Author: Marija Peričić

Publisher/Year: Allen & Unwin, 2017

Publisher Synopsis

It is 1908, and Max Brod is the rising star of Prague’s literary world. Everything he desires-fame, respect, love – is finally within his reach. But when a rival appears on the scene, Max discovers how quickly he can lose everything he has worked so hard to attain. He knows that the newcomer, Franz Kafka, has the power to eclipse him for good, and he must decide to what lengths he will go to hold onto his success. But there is more to Franz than meets the eye, and Max,too, has secrets that are darker than even he knows, secrets that may in the end destroy both of them.

The Lost Pages is a richly reimagined story of Max Brod’s life filtered through his relationship with Franz Kafka. In this inspired novel of friendship, fraud, madness and betrayal, Marija Pericic writes vividly and compellingly of an extraordinary literary rivalry.

Reviewer: Christina Lee

First of all, a spoiler. This isn’t crime fiction at all, and seems to have got into the Sisters in Crime review list by accident. But it did win the Australian Vogel Literary Award, and I’m certainly not going to turn down the opportunity to read a good book. And it is an excellent book, beautifully written and highly readable.

Second, a bit of a puzzle. Our narrator is a German-speaking Czech,Max Brod, and the novel is set in Prague in 1908 or thereabouts. But he’s not the historical Max Brod.

The real Max Brod, although not well known as a writer today, was a prolific and successful author at the centre of the Prague literary scene. He published dozens of books and, despite a severe physical disability and the need to flee the Nazis in 1939, lived a long, full life. He was by all contemporary accounts a warm and generous man who used his considerable fame to support other writers.

These other writers included Franz Kafka, who – despite some early success – had no confidence in his writing. They were both still teenagers,university students in Prague, when Brod and the slightly older Kafka met, and they remained close friends, seeing each other nearly every day, for over twenty years. Kafka died from tuberculosis at the age of forty and Brod took on the task of preparing his manuscripts for publication.

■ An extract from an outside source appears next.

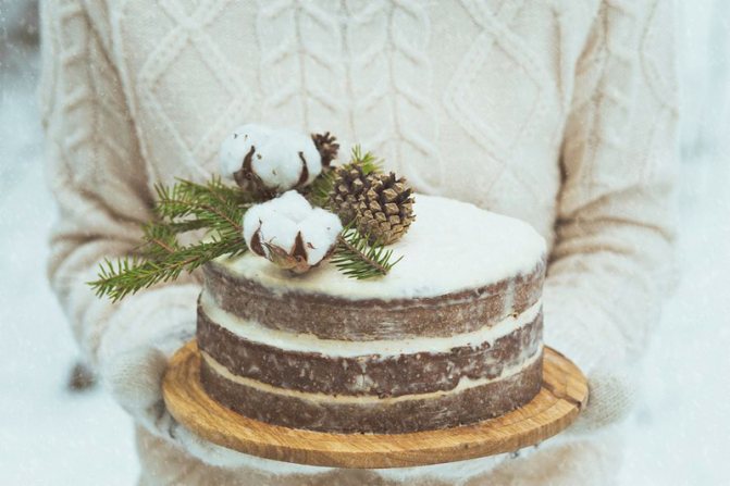 Шишками можно украсить и свадебный торт. Стоит также помнить, что использование шишек несет в себе определенную стилистику, которую надо непременно учесть – это более простой рустик, изящный кантри-шик или стильный эко-вариант.
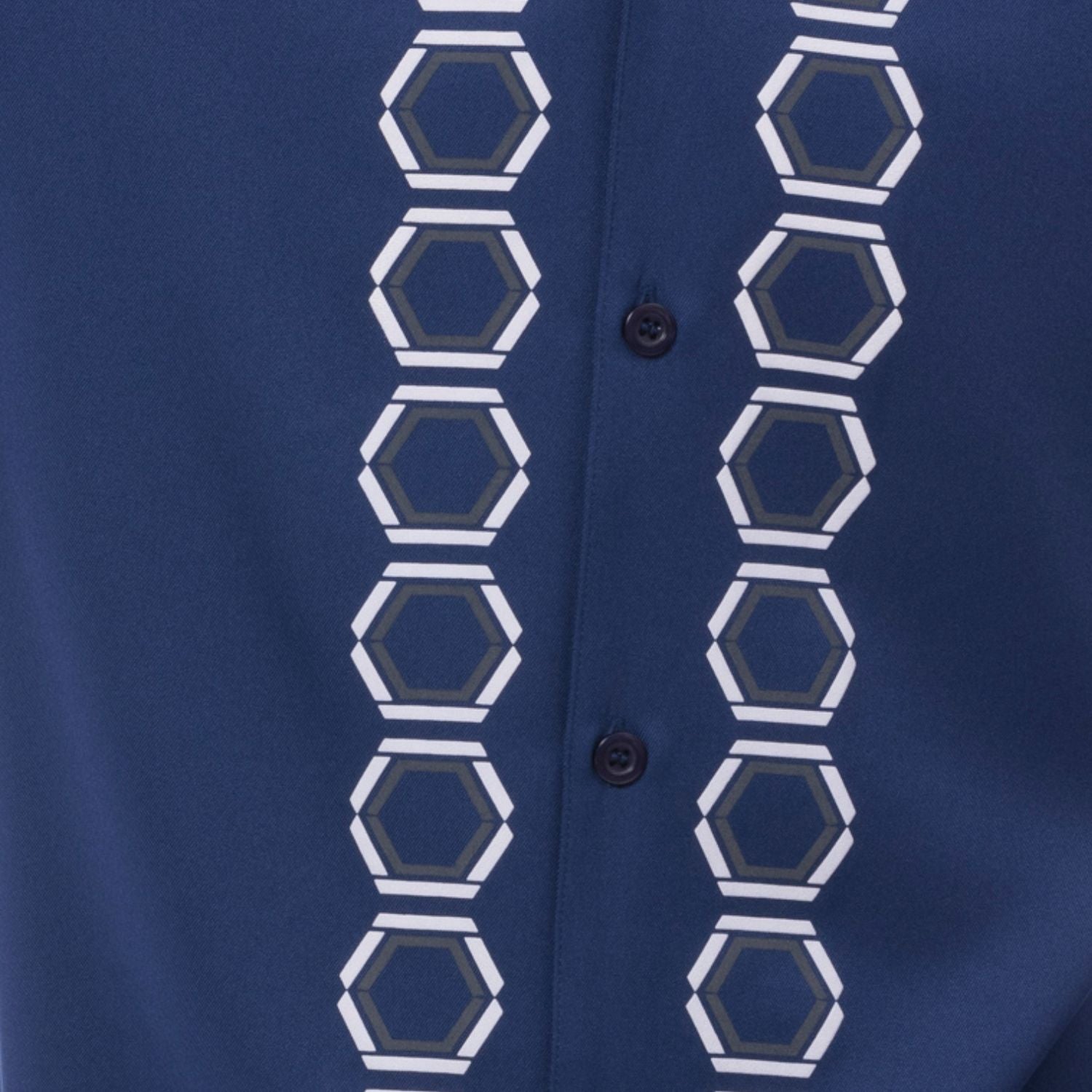 - Navy base color with a bold geometric pattern for a modern look

These included Kafka’s greatest works, which had remained unpublished in his lifetime.

In Peričić’s book, Brod becomes an older, established writer who has had one successful novel and is now confronting his failure to write a second novel, his repellent physical appearance, and his fading reputation. He is portrayed as a deeply unpleasant person, simultaneously narcissistic and self-loathing. In an early chapter, the author shows him musing regretfully that he no longer seems to enjoy picking out strange women on trams and following them home.

The imaginary Brod meets an equally imaginary Kafka, a young student, when giving a guest lecture at the university and is instantly consumed by horrified jealousy. Kafka’s obvious brilliance as a writer, and his considerable personal charm, terrify Brod, and he decides to dedicate his life to destroying him. The novel deals grippingly with the invented Brod’s psychological disintegration as he becomes more and more obsessed with Kafka, a figure who is mainly absent from the actual events of the novel but who dominates Brod’s ruminations. The writing, entirely from Brod’s point of view,becomes steadily more feverish until it descends into nightmare and madness. By the end, this reader at least is left wondering whether the imagined Kafka ever existed outside Brod’s disturbed imagination.

Undoubtedly this is a well-written book that is fascinating to read. Peričić presents the entire thing as if it was a translation of material found in Max Brod’s papers after his death, and the text has both a clarity and a sense of oddness that makes it feel as if it has actually been translated from century-old German notebooks.

I’m interested, though, in why she chose to invent two characters and give them the names of historical people. Of course novelists make things up, that’s the point. But she could have made up two entirely fictional characters, who just happened to live in Prague at the same time as Brod and Kafka, without the book losing and of its strength and poignancy. I’d love to know why she decided to do it this way.